I'm having some trouble with a user login that suddenly stopped working. I've got a session_start(); at the top of every page that needs it, but the session variables I've declared seem to have just stopped carrying over to the login pages.
I can also disable the redirect and print_r($_SESSION) on the login page, which will print the appropriate variable.
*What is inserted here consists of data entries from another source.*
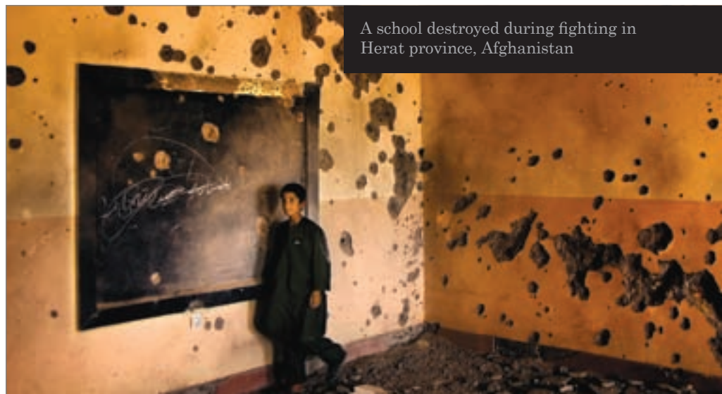
A school destroyed during fighting in Herat province, Afghanistan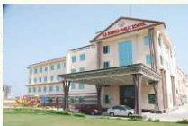
G.D. Goenka Public School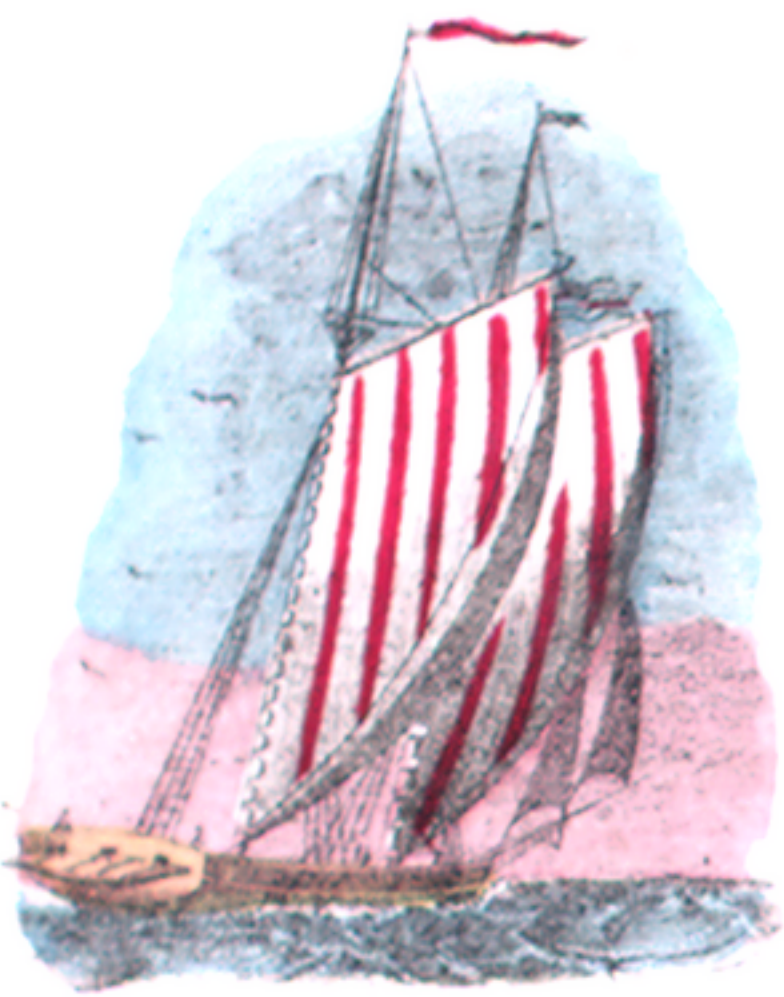
Vessels of the Land of Steady Habits.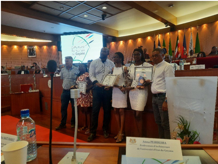
Receiving prizes in the National Assembly of French Guiana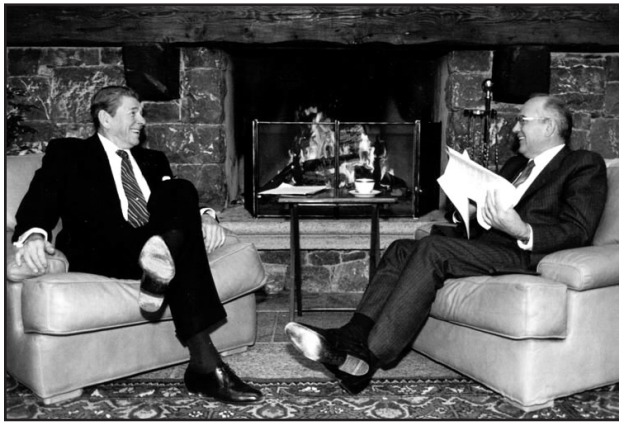
President Reagan and Soviet General Secretary Gorbachev at the first Summit in Geneva, Switzerland. 11/19/85

Since World War II, Soviet leaders had gained respect and prestige at home by meeting with Western leaders as moral equals. Reagan avoided letting them gain prestige this way.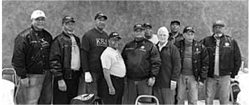
Commandery #309 Knights at Safe Nights.

Safe Nights-Nine members of Commandery #309 assembled at 4:30 in the morning on Sunday,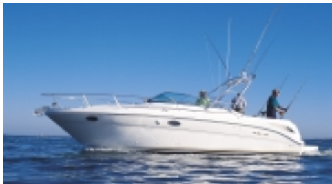
With the addition of an optional fishing package, the 290 Amberjack can become an angler's dream.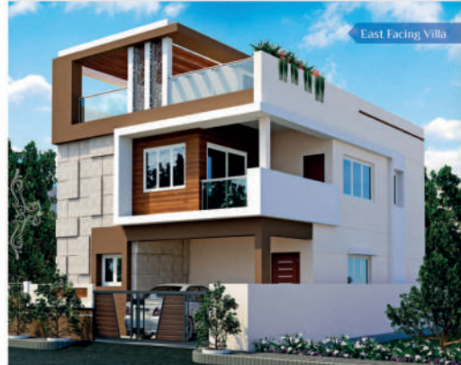
East Facing Villa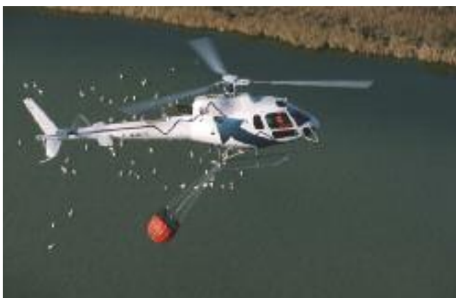
Firefighting using a Bambi Bucket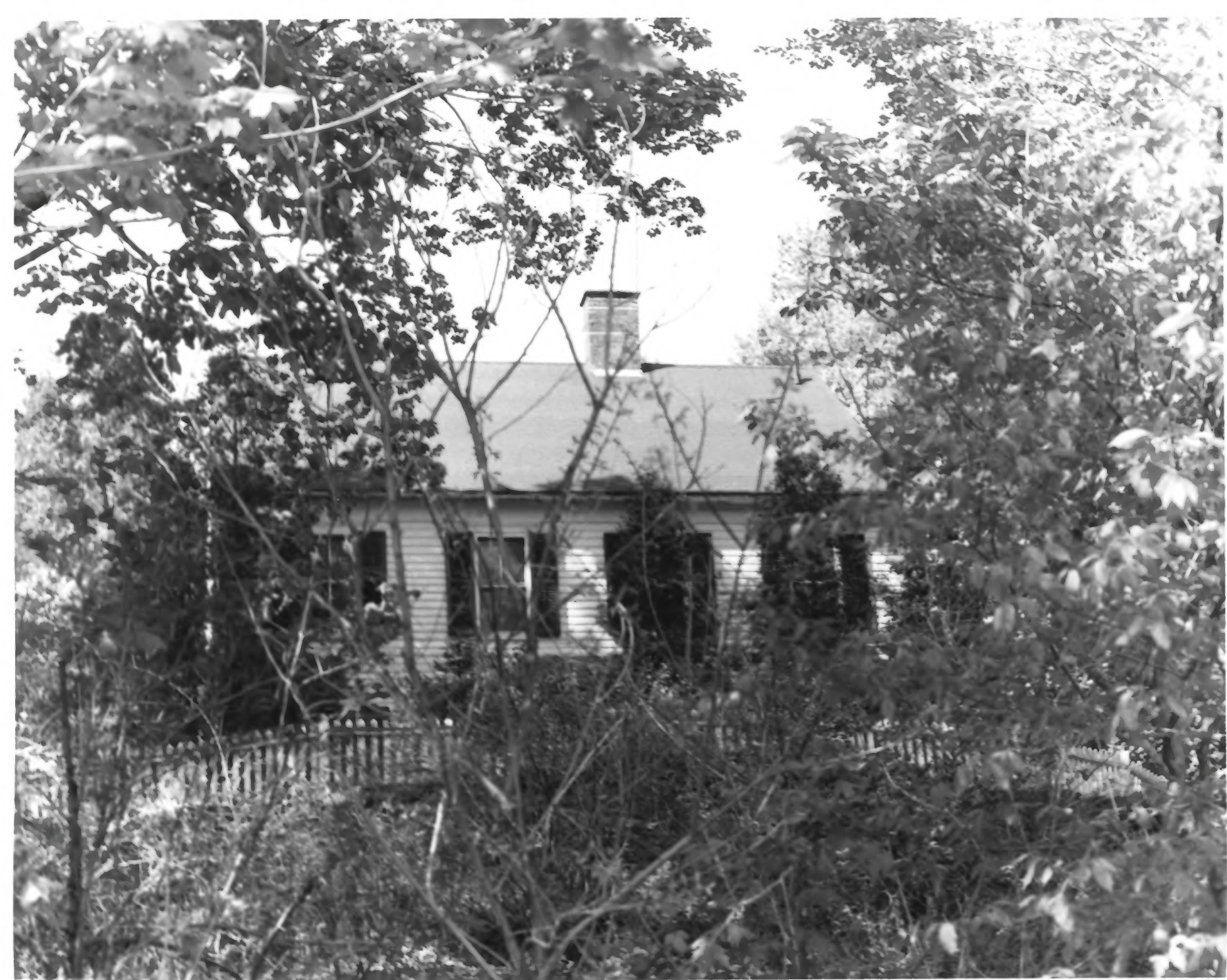
"Steepletop" Edna St. Vincent Millay House, Austerlitz, New York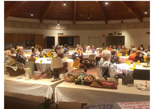
Silent Auction Items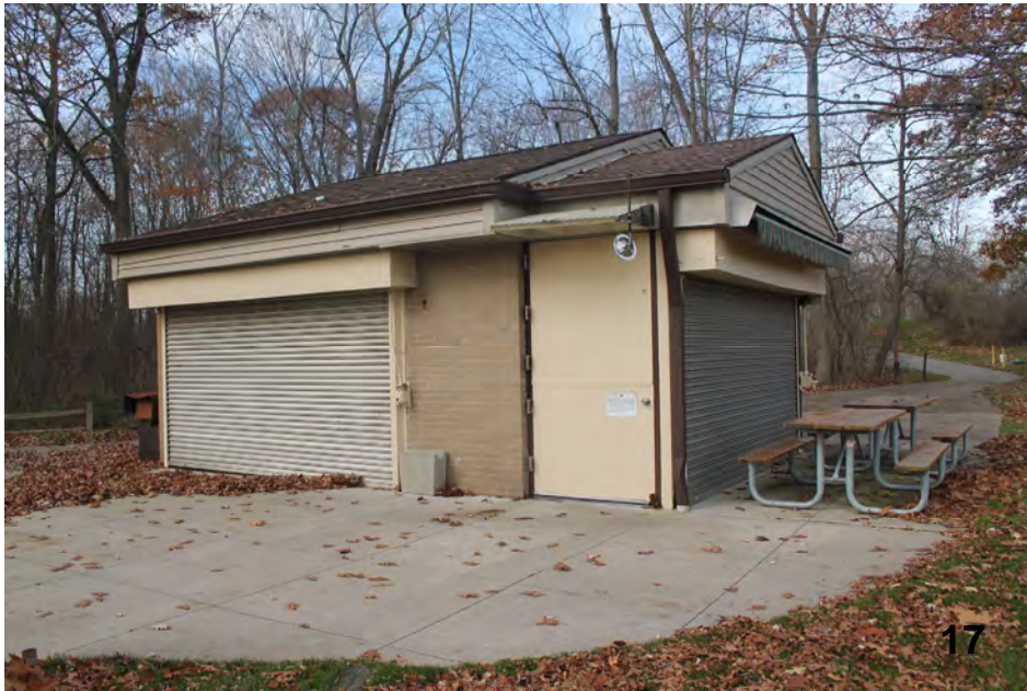
The existing restroom building, former golf starter building, will be removed along with the adjacent concrete pavement.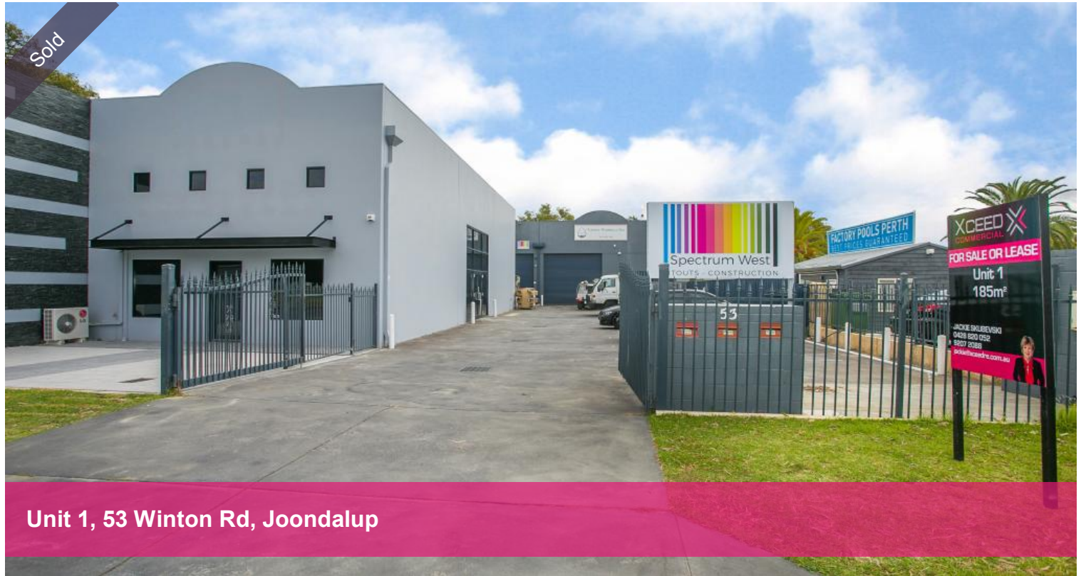
Unit 1, 53 Winton Rd, Joondalup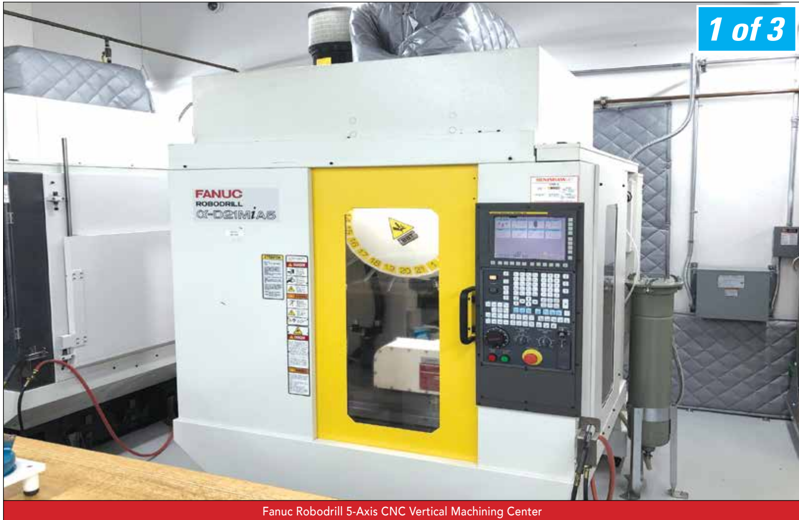
Fanuc Robodrill 5-Axis CNC Vertical Machining Center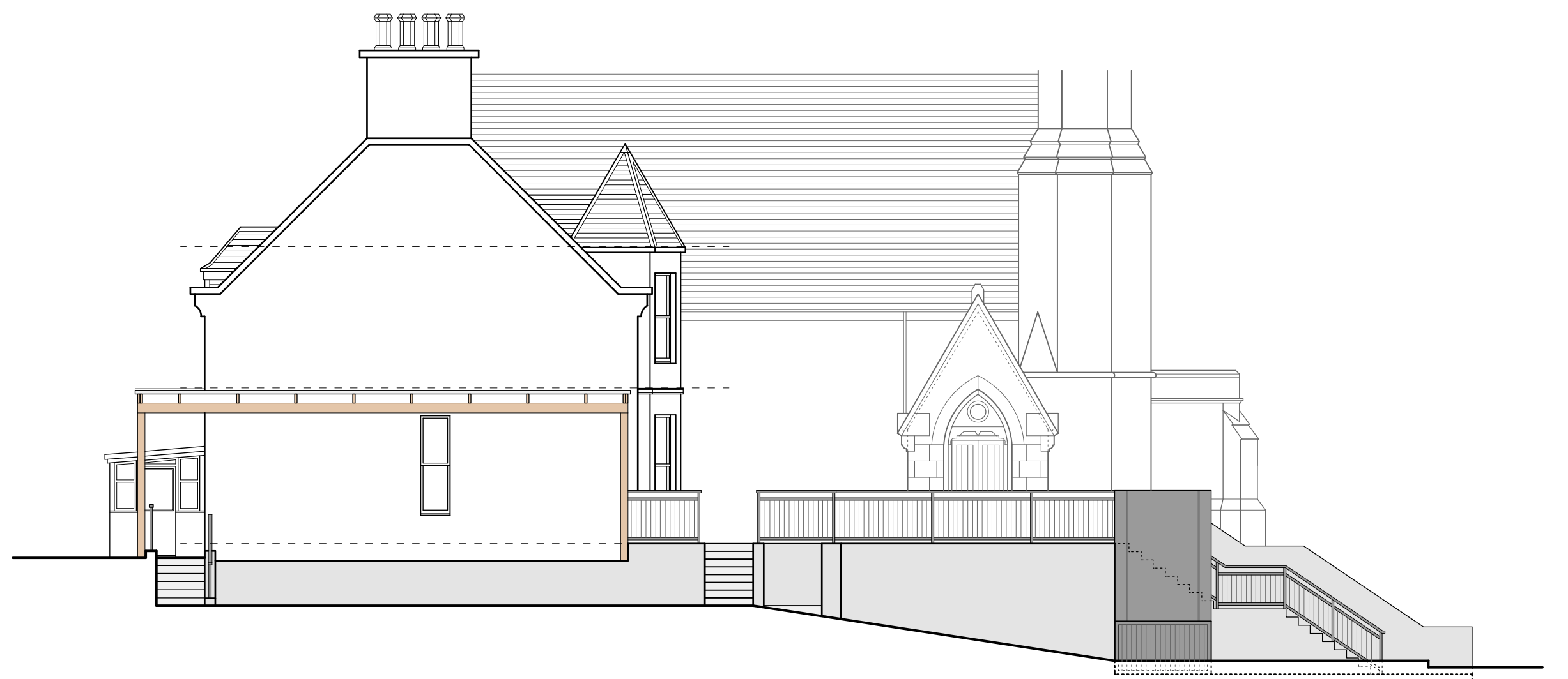
South Sectional Elevation 1:100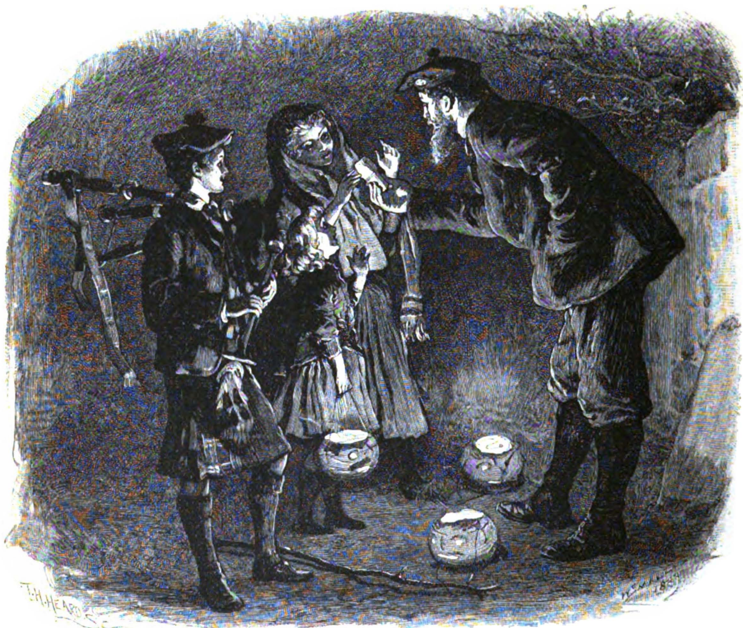
“ I WILL SEARCH MY POCKETS.”

had got near to the inn, and was about to turn down from the highway by the semi-circular drive passing the front door.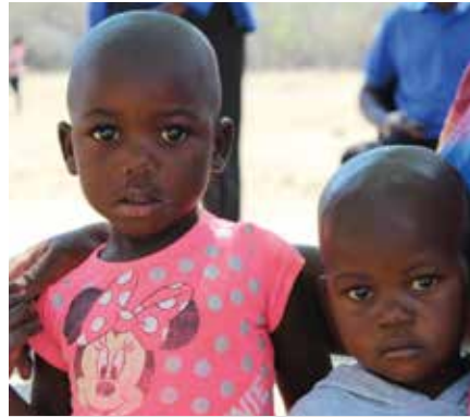
Zimbabweans are concerned about feeding their children following poor harvests.

Christian-majority Zimbabwe. “I did not harvest anything after all my effort and using all our savings to buy seeds.” Zimbabwe is one of several southern African countries suffering a worsening hunger crisis caused by drought. People there report having no food to give their children. Ask the Lord to bring an end to this crisis. Pray that He will once again provide the earth with rain (Psalm 147:8).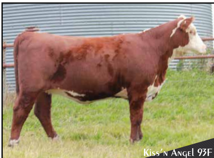
Kiss'n Angel 93F

Lots of growth in this Ace daughter. The Kisses family is consistent in udder quality and calving ease. Pasture exposed to NJW 103Y 174X Diablo 156C ET from May 18 to August 10, 2019. Ultrasound indicates March 1, 2020 heifer calf.

Here's the code for the login page:
<? session_start(); ?>
<?php include($_SERVER["DOCUMENT_ROOT"]."/_/includes/head.php"); ?>
<?php
if (isset($_POST['submitted'])){
$username = $_POST['username'];
$password = $_POST['password'];
function enc($string){
$salt = "2@xp";
$hash = sha1(md5($salt.$string)).md5($string).sha1(md5(md5($string)));
return $hash;
}
$pass = enc($password);
if($username&&$password){
$query=mysql_query("SELECT * FROM `users` WHERE `username`='$username'");
$numrows = mysql_num_rows($query);
if ($numrows!=0){
while ($row = mysql_fetch_assoc($query)){
$dbusername = $row['username'];
$dbpassword = $row['password'];
//check to see if they match
if ($username==$dbusername&&$pass==$dbpassword){
echo ("You're in! <a href='index.php'>Home</a>");
$_SESSION['username'] = $dbusername;
session_register("username");
header("Location: index.php");
}
else echo ("Incorrect Password");
}
}
else header("Location: login.php");
}
else echo ('Login Failed');
}
?>
And here is the code for the page to be redirected to at login:
<?php
session_start();
if ($_SESSION['username']){
echo "<section id='login'><a href='logout.php'>Logout</a></section>";
$user = $_SESSION['username'];
}
else header("Location: login.php");
?>
I get kicked back to the login page every time. Any help would be awesome. Thanks!